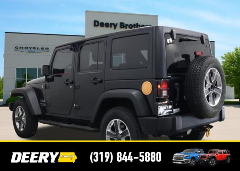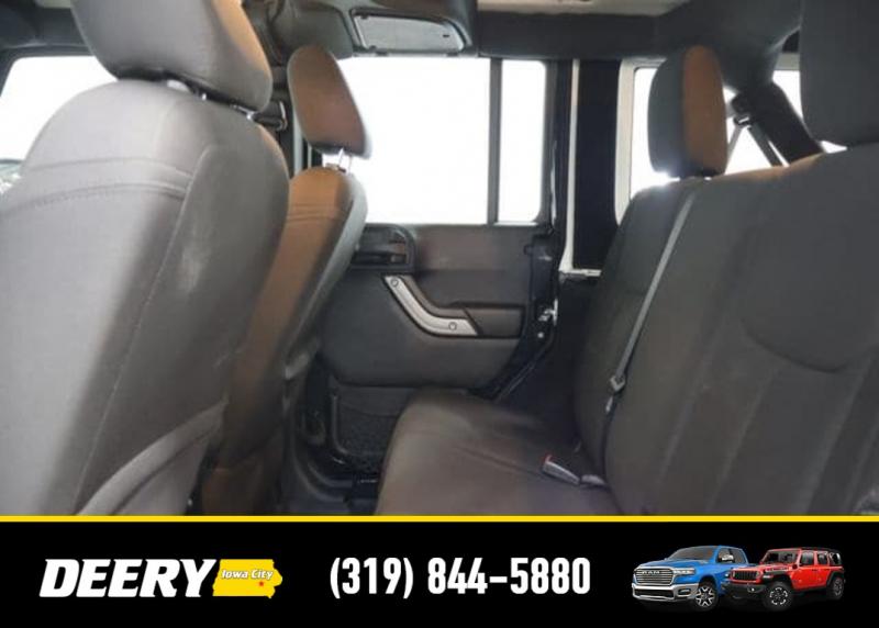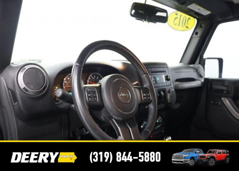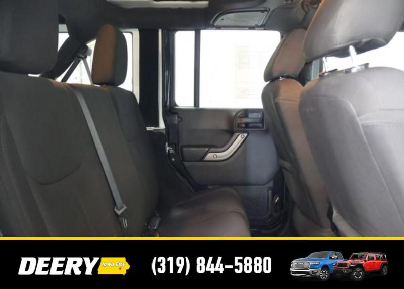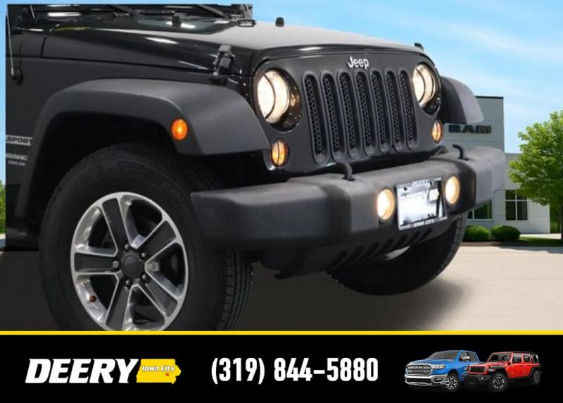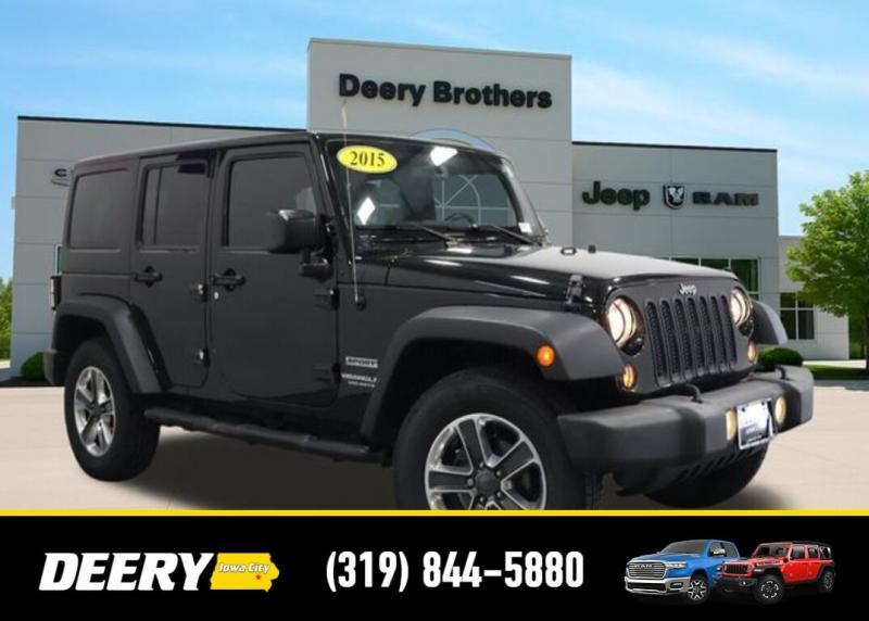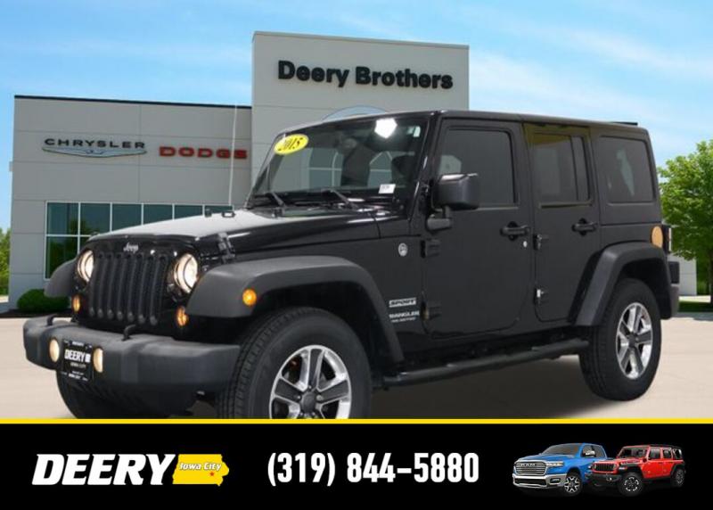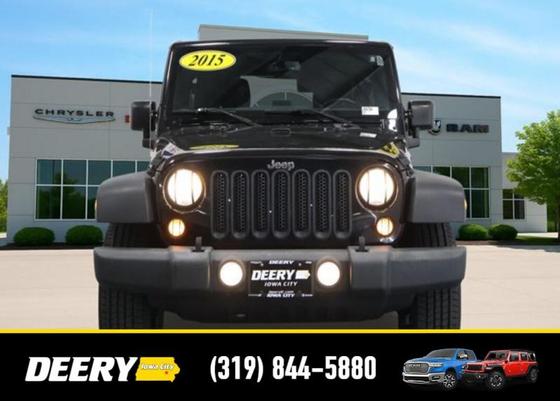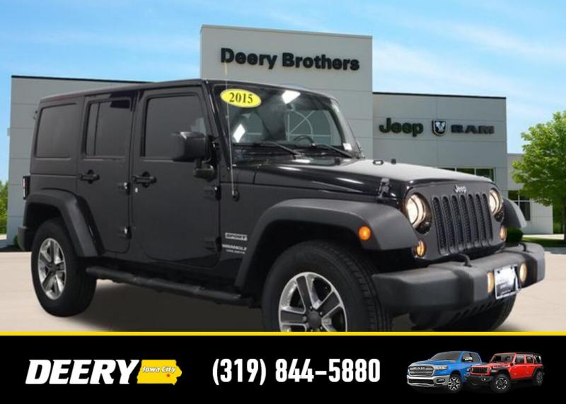 This Local Trade In was traded in for a brand new Jeep Gladiator and is Deery Certified! Local Trade In, Deery Certified, 17' x 7.5' Aluminum Wheels, Auto-Dimming Mirror w/Reading Lamp, Black 3-Piece Hard Top, Chrome/Leather Wrapped Shift Knob, Class II Receiver Hitch, Connectivity Group, Deep Tint Sunscreen Windows, Freedom Panel Storage Bag, Leather Wrapped Steering Wheel, Power Locks, Quick Order Package 24S, Radio: Uconnect 130 AM/FM/CD/MP3, Rear Window Defroster, Rear Window Wiper/Washer, SIRIUS Satellite Radio, Tinted Rear Quarter Liftgate Windows, Tire Pressure Monitoring Display, Trailer Tow Group, Trailer Tow w/4-Pin Connector Wiring, Uconnect Voice Command w/Bluetooth, Vehicle Information Center. The Deery discount that you see includes a Dealer Trade In Assistance Bonus discount of $1,000. Trade in must be 2008 or newer with less than 200,000 miles, and have a clean title. Certified. Recent Arrival! Black Clearcoat 2015 Jeep Wrangler Unlimited Sport 4D Sport Utility 3.6L V6 24V VVT 16/20 City/Highway MPG 5-Speed Automatic 4WD Certification Program Details: DEERY CERTIFIED PRE-OWNED DETAILS: - $0 Deductible - 3 Months or 3,000 Miles (whichever comes first ) - Systems Covered: Gasoline/ Diesel Engine , Transmission , Drive Axle, Hybrid Components , Filters, Lubricants Taxes and Seals and Gaskets ** See Dealer for More Information. Serving Iowa City, Cedar Rapids, Waterloo, North Liberty, Davenport, Muscatine, Quad Cities, Des Moines, Keokuk, Mount Pleasant, Washington, and Dubuque. Don't miss out! Give us a call at [phone] to confirm availability and schedule a test-drive.
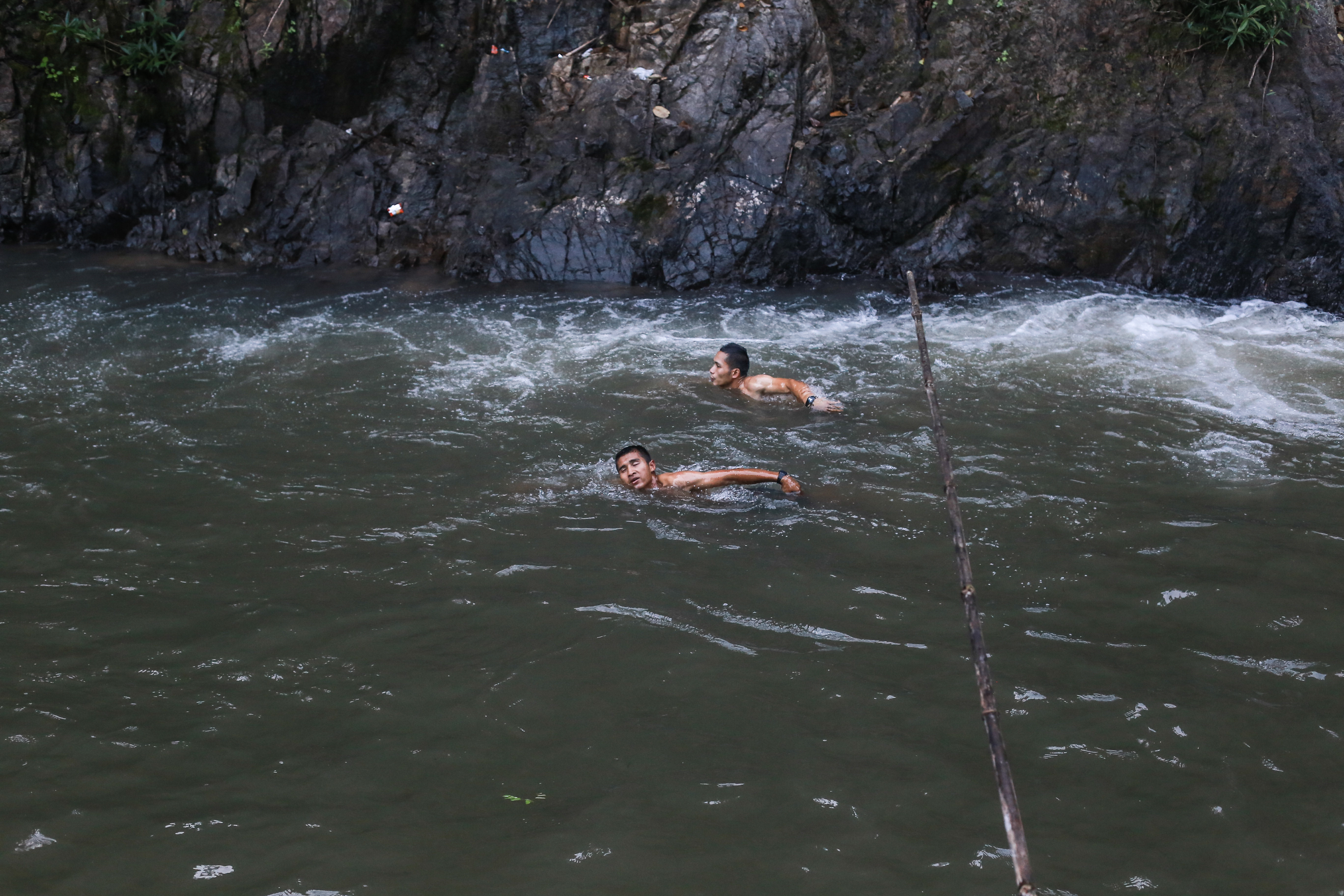 The team rushes to the river to begin its self-defense test. Stripping down to their shorts, members execute the moves they’ve been taught in training. Once finished, they run to the river. They swim 15 laps upstream and downstream, using a different stroke each time. Successful and soaking wet, they dress and head out to another navigation point far from camp.
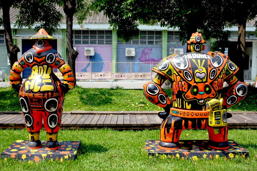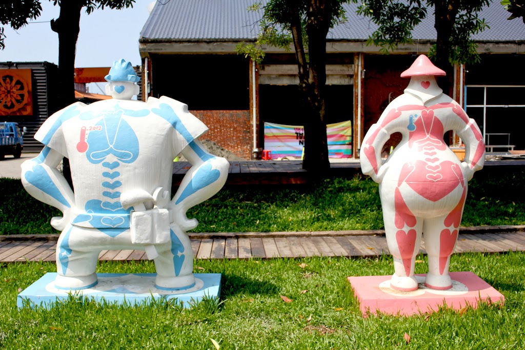 我想,除了旗津,到高雄的其一目的是,感受這裡的藝術。從雜誌上發現,駁二藝術特區是一個天馬行空的地方。安排一個早晨,完全不耗時,只想體驗沒體驗的經驗,感受沒有過的感受。 乘搭地鐵橘線,到鹽埕埔站,出站後,跟著告示板走。深深被駁二藝術特區的概念吸引。藝術發展,無限空間,這一點看得出臺灣的創意與情調。廢物利用,再循環,綠化等,都是時代應該多多提倡的意識。塑造一個乾淨,文明,舒適的環境。藝術,它不僅僅是創意,創作精神;也可以達到修身養性的作用,無論是創造者,抑或觀賞者。給藝術家一個掌聲,給他們一個鼓勵。可以一直把藝術的精神傳達。 散步,憩息,騎自行車,約會,除了觀賞藝術,看展覽外。我喜歡前衛,活力豐沛的駁二藝術特區。駁二藝術特區,藝文空間,絕對成為藝術的新潮流。牆上,畫有一副巨大的地鐵站的圖,栩栩如生。這個由老倉庫改建的藝術角落,全然換上新的衣裳,五顏六色,可愛有趣的圖案。這是三年前的駁二藝術特區,最搶眼的莫過於變身金剛的“大黃蜂”。還有,一尊尊的“勞工”公仔,塗上不同的藝術的圖案,頗有故事,具有高雄的象徵。還有一些大型立體的作品,陳列在倉庫前的空地。 駁二位於,碼頭旁的倉庫群藝術特區。這個以港區舊有倉庫轉型成為藝術空間,獨樹一幟的風格,為港都帶來濃厚的藝術氣息。也提供愛好藝術者,一個實驗發揮的空間。無論是學生或業者,一定能打造極具獨特的藝術空間,帶給市民一個舒適的休閒地方。 |
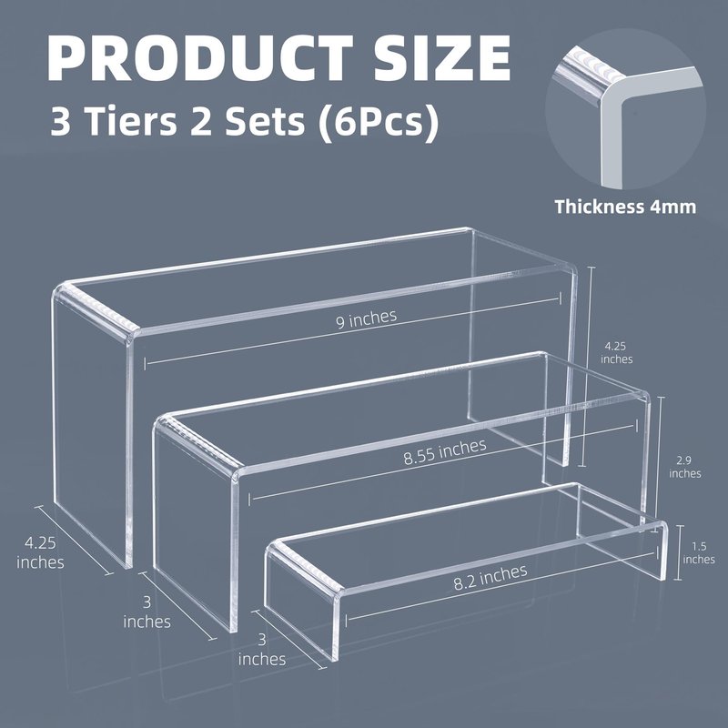 - [Pectfect Service] 2 set 9x3x4.25inch, 8.55x3x*2.9inch and 8.2x3x1.5inch U shape rectangle transparent acrylic display risers, each set contains 3 pieces display risers in 3 different sizes, 6 pieces in total, if you have any question please concact us,we will try our best for you to deal with the problem in 24 hours.

------------

WHAT THE TASK ASKS. Give back the lines word for word, from the very first in the material above to the one that has "The team rushes", both included, without the pictures.

ANSWER SPACE.
 This Local Trade In was traded in for a brand new Jeep Gladiator and is Deery Certified! Local Trade In, Deery Certified, 17' x 7.5' Aluminum Wheels, Auto-Dimming Mirror w/Reading Lamp, Black 3-Piece Hard Top, Chrome/Leather Wrapped Shift Knob, Class II Receiver Hitch, Connectivity Group, Deep Tint Sunscreen Windows, Freedom Panel Storage Bag, Leather Wrapped Steering Wheel, Power Locks, Quick Order Package 24S, Radio: Uconnect 130 AM/FM/CD/MP3, Rear Window Defroster, Rear Window Wiper/Washer, SIRIUS Satellite Radio, Tinted Rear Quarter Liftgate Windows, Tire Pressure Monitoring Display, Trailer Tow Group, Trailer Tow w/4-Pin Connector Wiring, Uconnect Voice Command w/Bluetooth, Vehicle Information Center. The Deery discount that you see includes a Dealer Trade In Assistance Bonus discount of $1,000. Trade in must be 2008 or newer with less than 200,000 miles, and have a clean title. Certified. Recent Arrival! Black Clearcoat 2015 Jeep Wrangler Unlimited Sport 4D Sport Utility 3.6L V6 24V VVT 16/20 City/Highway MPG 5-Speed Automatic 4WD Certification Program Details: DEERY CERTIFIED PRE-OWNED DETAILS: - $0 Deductible - 3 Months or 3,000 Miles (whichever comes first ) - Systems Covered: Gasoline/ Diesel Engine , Transmission , Drive Axle, Hybrid Components , Filters, Lubricants Taxes and Seals and Gaskets ** See Dealer for More Information. Serving Iowa City, Cedar Rapids, Waterloo, North Liberty, Davenport, Muscatine, Quad Cities, Des Moines, Keokuk, Mount Pleasant, Washington, and Dubuque. Don't miss out! Give us a call at [phone] to confirm availability and schedule a test-drive.
 The team rushes to the river to begin its self-defense test. Stripping down to their shorts, members execute the moves they’ve been taught in training. Once finished, they run to the river. They swim 15 laps upstream and downstream, using a different stroke each time. Successful and soaking wet, they dress and head out to another navigation point far from camp.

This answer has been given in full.